_Instructions to follow:_
From the line containing "Stylish Details Bringing" to the line containing "黄色の着物をまとった姉は、湯" in the records below, set down every line exactly as it stands, both ends included, and skip the pictures.

_Dataset extract:_
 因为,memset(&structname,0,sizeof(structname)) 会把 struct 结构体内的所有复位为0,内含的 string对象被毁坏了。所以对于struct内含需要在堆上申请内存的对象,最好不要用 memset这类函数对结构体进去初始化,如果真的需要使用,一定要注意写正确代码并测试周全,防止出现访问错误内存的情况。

--

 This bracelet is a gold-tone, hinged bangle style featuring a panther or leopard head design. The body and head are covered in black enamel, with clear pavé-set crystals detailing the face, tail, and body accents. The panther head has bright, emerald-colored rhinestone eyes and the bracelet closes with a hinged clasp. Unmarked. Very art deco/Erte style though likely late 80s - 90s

* * *

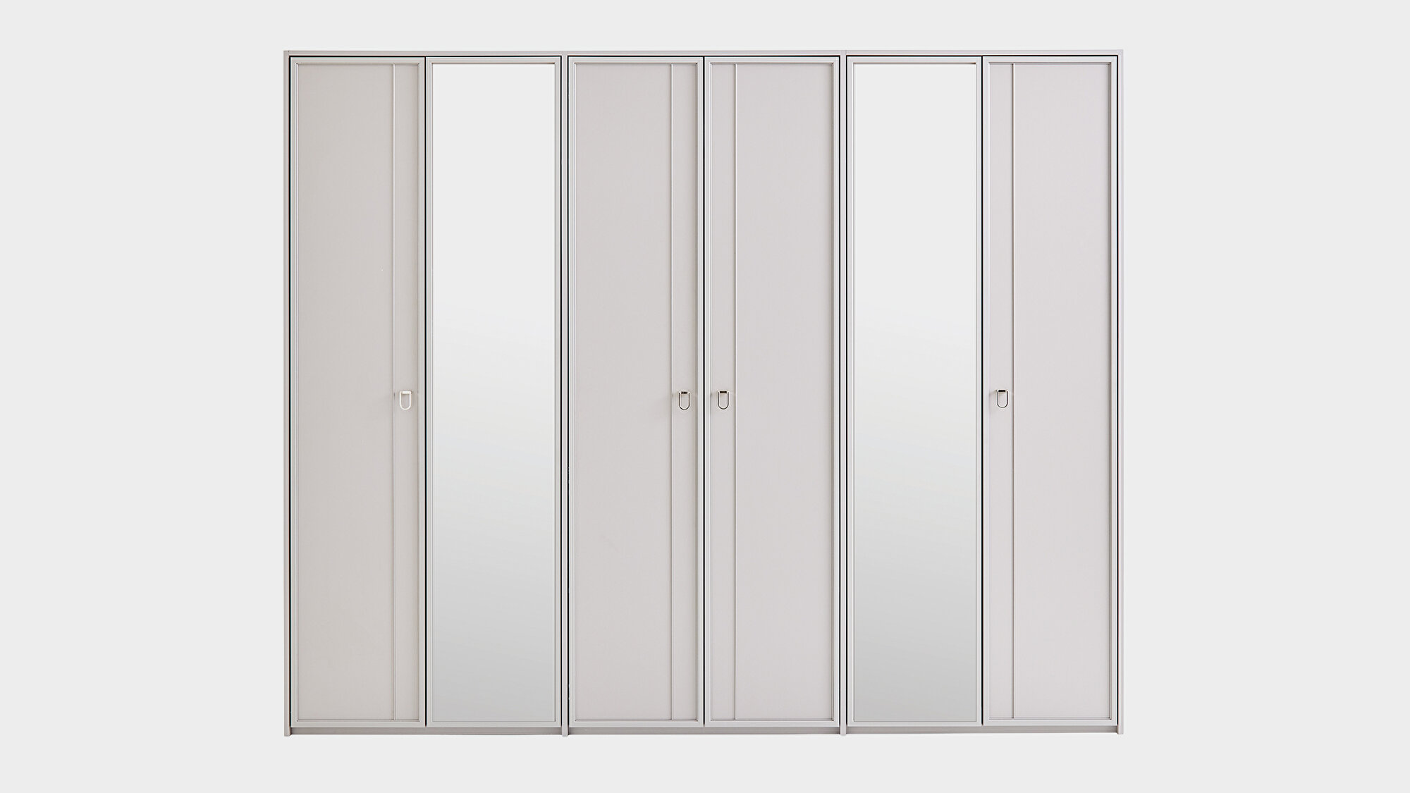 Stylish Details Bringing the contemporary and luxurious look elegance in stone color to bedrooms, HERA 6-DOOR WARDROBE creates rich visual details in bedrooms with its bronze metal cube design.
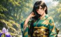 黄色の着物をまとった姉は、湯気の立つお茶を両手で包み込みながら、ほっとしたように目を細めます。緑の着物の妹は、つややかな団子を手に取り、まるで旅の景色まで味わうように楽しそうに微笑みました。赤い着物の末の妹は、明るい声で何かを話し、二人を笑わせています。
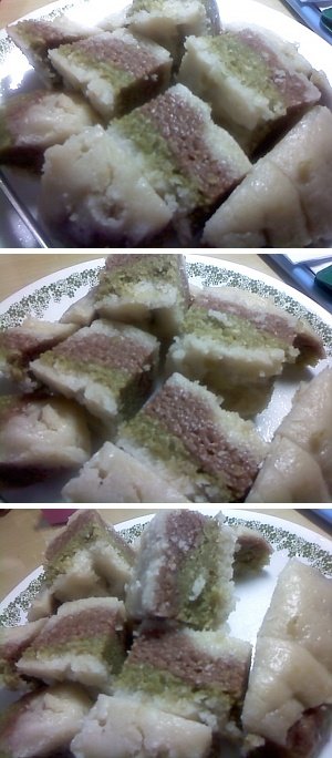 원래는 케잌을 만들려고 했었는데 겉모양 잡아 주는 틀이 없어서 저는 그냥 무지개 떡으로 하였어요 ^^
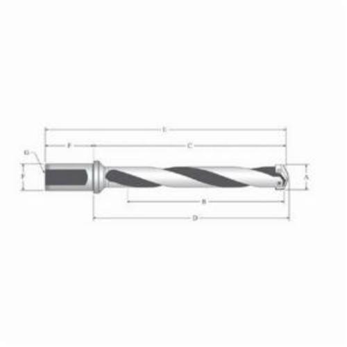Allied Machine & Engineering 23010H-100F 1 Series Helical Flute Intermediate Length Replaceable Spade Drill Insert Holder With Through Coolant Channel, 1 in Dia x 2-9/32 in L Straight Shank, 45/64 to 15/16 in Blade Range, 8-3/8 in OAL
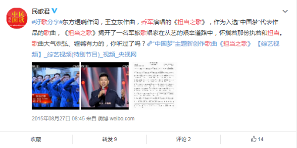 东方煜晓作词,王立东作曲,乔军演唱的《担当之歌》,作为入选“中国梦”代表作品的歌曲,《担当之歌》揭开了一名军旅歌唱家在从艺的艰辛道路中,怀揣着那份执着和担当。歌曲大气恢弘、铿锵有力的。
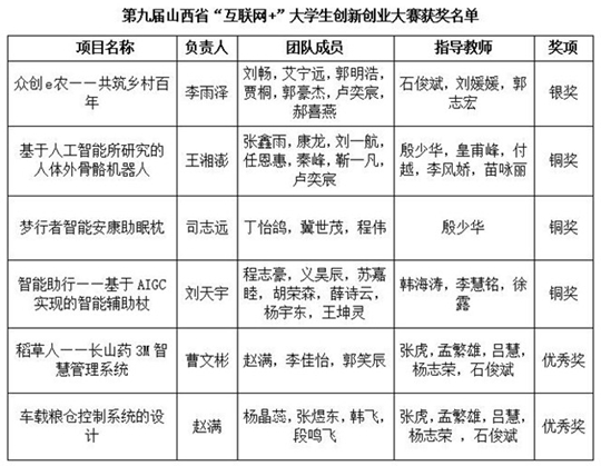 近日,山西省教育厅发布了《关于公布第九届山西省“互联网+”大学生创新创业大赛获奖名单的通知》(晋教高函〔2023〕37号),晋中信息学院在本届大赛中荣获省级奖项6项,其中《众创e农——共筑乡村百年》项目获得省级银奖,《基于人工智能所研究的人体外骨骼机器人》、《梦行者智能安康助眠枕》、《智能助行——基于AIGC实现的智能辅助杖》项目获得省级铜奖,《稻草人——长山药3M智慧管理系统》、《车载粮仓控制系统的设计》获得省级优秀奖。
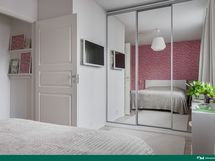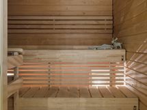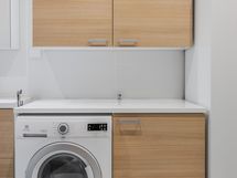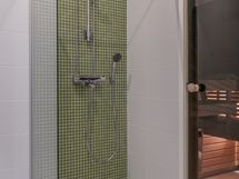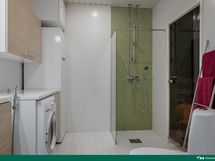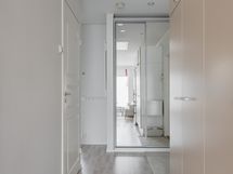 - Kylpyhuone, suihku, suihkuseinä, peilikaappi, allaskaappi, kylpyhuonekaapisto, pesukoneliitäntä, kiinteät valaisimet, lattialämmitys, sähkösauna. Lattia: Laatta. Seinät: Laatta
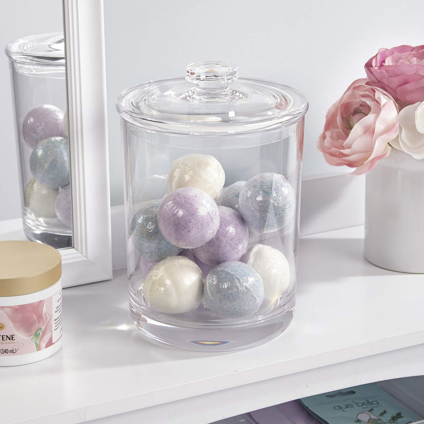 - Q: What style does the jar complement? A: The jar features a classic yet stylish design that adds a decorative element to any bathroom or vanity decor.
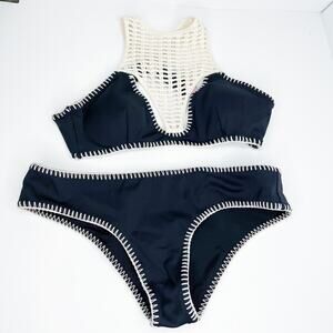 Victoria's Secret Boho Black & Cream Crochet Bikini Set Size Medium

_Task response:_
 Stylish Details Bringing the contemporary and luxurious look elegance in stone color to bedrooms, HERA 6-DOOR WARDROBE creates rich visual details in bedrooms with its bronze metal cube design.
 黄色の着物をまとった姉は、湯気の立つお茶を両手で包み込みながら、ほっとしたように目を細めます。緑の着物の妹は、つややかな団子を手に取り、まるで旅の景色まで味わうように楽しそうに微笑みました。赤い着物の末の妹は、明るい声で何かを話し、二人を笑わせています。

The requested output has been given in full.